Due to the harsh winters, the park has few reptiles and amphibians with only one species of toad, three species of frog, one salamander species and two species of snakes that have been identified. At least 280 species of birds can be found in Banff including bald and golden eagles, red-tailed hawk, osprey, falcon and merlin, all of which are predatory species. Additionally, commonly seen species such as the gray jay, American three-toed woodpecker, mountain bluebird, Clark's nutcracker, mountain chickadee and pipit are frequently found in the lower elevations. The white-tailed ptarmigan is a ground bird that is often seen in the alpine zones. Rivers and lakes are frequented by over a hundred different species including loons, herons and mallards who spend their summers in the park.

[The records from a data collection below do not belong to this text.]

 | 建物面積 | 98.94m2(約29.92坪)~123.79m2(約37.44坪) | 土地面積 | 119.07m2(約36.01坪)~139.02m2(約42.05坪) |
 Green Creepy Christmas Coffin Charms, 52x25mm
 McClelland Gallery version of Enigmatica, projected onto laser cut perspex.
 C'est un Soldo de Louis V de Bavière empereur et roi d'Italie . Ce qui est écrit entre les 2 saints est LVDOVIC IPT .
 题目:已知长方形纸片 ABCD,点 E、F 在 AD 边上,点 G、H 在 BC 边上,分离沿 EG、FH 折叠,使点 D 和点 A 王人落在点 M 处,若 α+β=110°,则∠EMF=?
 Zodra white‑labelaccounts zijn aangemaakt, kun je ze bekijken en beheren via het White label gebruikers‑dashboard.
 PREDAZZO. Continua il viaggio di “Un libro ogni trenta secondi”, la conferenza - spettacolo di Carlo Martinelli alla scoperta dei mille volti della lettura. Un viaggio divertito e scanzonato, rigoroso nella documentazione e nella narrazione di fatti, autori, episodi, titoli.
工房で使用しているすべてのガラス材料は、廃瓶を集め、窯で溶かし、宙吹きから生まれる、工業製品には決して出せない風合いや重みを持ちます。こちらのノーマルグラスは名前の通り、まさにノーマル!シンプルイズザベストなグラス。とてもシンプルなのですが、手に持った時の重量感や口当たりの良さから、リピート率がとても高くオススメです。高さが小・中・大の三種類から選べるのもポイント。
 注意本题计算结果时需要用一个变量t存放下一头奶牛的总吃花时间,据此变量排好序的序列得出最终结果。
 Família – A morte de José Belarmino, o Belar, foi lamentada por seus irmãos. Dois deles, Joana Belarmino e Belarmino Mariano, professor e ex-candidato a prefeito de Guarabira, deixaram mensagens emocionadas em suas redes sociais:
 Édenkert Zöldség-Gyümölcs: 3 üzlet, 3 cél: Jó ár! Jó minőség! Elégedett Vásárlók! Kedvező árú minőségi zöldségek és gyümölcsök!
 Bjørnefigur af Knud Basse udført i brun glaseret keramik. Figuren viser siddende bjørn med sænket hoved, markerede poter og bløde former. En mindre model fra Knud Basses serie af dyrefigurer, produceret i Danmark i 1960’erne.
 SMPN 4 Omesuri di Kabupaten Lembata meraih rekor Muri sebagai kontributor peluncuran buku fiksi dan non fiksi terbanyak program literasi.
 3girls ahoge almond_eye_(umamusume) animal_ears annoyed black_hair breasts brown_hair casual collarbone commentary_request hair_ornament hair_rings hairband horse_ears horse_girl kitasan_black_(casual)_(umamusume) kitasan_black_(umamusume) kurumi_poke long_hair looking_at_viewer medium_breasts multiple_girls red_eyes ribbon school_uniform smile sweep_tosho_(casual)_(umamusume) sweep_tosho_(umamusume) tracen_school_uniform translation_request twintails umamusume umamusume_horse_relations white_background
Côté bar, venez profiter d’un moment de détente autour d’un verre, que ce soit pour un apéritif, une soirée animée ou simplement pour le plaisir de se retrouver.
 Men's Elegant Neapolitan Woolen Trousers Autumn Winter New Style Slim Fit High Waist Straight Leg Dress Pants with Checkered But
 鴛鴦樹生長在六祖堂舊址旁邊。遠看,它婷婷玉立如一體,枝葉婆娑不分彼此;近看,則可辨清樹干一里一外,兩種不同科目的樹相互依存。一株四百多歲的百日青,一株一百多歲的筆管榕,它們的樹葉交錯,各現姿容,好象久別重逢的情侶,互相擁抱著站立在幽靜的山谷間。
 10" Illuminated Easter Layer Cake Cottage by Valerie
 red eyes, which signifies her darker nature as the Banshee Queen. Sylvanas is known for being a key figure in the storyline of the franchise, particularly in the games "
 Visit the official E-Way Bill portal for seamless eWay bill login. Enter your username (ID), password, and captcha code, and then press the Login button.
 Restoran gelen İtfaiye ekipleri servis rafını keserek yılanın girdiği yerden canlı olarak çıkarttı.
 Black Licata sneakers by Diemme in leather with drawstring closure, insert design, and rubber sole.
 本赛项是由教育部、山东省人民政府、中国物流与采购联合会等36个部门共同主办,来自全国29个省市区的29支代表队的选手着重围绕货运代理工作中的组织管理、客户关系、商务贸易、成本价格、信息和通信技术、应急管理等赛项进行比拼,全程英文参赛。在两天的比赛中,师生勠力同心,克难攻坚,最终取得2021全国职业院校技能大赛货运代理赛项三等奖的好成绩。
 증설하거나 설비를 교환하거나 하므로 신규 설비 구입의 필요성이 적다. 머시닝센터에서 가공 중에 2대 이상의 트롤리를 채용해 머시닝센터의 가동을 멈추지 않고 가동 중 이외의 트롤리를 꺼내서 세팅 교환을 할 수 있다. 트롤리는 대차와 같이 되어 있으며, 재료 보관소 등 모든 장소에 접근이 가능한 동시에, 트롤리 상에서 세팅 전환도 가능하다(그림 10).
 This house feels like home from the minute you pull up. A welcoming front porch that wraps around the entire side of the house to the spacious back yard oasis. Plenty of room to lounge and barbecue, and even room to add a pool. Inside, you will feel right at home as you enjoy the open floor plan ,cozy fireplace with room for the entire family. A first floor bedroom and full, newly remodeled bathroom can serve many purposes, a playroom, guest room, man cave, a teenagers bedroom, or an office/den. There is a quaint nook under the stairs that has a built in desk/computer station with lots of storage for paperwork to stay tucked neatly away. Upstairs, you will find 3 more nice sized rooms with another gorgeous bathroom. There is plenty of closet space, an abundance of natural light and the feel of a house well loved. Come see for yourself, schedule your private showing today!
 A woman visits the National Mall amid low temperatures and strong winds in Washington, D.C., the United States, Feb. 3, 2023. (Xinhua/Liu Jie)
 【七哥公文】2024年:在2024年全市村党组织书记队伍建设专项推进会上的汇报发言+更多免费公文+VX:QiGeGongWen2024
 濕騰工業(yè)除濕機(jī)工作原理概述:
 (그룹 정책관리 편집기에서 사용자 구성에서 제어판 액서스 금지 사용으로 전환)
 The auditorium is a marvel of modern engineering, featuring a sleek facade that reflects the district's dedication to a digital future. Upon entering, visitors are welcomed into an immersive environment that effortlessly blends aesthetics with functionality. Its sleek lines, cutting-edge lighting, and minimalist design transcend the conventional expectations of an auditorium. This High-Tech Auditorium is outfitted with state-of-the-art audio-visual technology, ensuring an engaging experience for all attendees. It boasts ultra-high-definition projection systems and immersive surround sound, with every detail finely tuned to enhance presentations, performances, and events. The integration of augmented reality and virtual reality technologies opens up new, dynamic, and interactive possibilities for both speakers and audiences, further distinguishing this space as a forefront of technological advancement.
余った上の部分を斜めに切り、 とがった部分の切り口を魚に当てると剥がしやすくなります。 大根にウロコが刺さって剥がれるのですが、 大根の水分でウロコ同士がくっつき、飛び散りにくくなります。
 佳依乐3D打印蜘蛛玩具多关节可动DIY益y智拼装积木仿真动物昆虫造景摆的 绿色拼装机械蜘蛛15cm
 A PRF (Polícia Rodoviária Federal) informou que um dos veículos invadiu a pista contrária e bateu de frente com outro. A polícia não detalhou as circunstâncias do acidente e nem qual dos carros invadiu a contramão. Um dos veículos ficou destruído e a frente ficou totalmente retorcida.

Endangered species in Banff include the Banff Springs snail (Physella johnsoni) which is found in the hot springs of Banff. Woodland caribou, found in Banff, are also listed as a threatened species, as are grizzly bears.
Tourism and development
Since the 1960s, park accommodation has been open all year, with annual tourism visits to Banff increasing to over 5 million in the 1990s. Millions more pass through the park on the Trans-Canada Highway.The Trans-Canada Highway, passing through Banff, has been problematic, posing hazards for wildlife due to vehicle traffic and as an impediment to wildlife migration. Grizzly bears are among the species impacted by the highway, which together with other developments in Banff, has caused fragmentation of the landscape. Wildlife crossings, including a series of underpasses, and two wildlife overpasses, have been constructed at a number of points along the highway to help alleviate this problem.
Since the 19th century, humans have impacted Banff's environment through introduction of non-native species, controls on other species, and development in the Bow Valley, amongst other activities. Bison once lived in the valleys of Banff, but were hunted by indigenous people and the last bison was killed in 1858. Elk are not indigenous to Banff, and were introduced in 1917 with 57 elk brought in from Yellowstone National Park. Other species that have been displaced from the Bow Valley include grizzly bears, cougars, lynx, wolverines, otter, and moose.
Beginning in 1985, gray wolves were recolonizing areas in the Bow Valley. However, the wolf population has struggled, with 32 wolf deaths along the Trans-Canada Highway between 1987 and 2000, leaving only 31 wolves in the area. The population of bull trout and other native species of fish in Banff's lakes has also dwindled, with the introduction of non-native species including brook trout, and rainbow trout. Lake trout, Westslope cutthroat trout, and Chiselmouth are also rare native species, while Chinook salmon, white sturgeon, Pacific lamprey, and Banff longnose dace are likely to locally extinct. The Banff longnose dace, once only found in Banff, is now an extinct. Mountain pine beetles have caused a number of large-scale infestations in Banff National Park, feeding off of the phloem of mature lodgepole pines.
Since the early 1980s, Parks Canada has adopted a strategy that employed prescribed burns, which helps to mimic effects of natural fires, minimising ecological disturbance whilst aiming to reduce the fire threat to people and nature.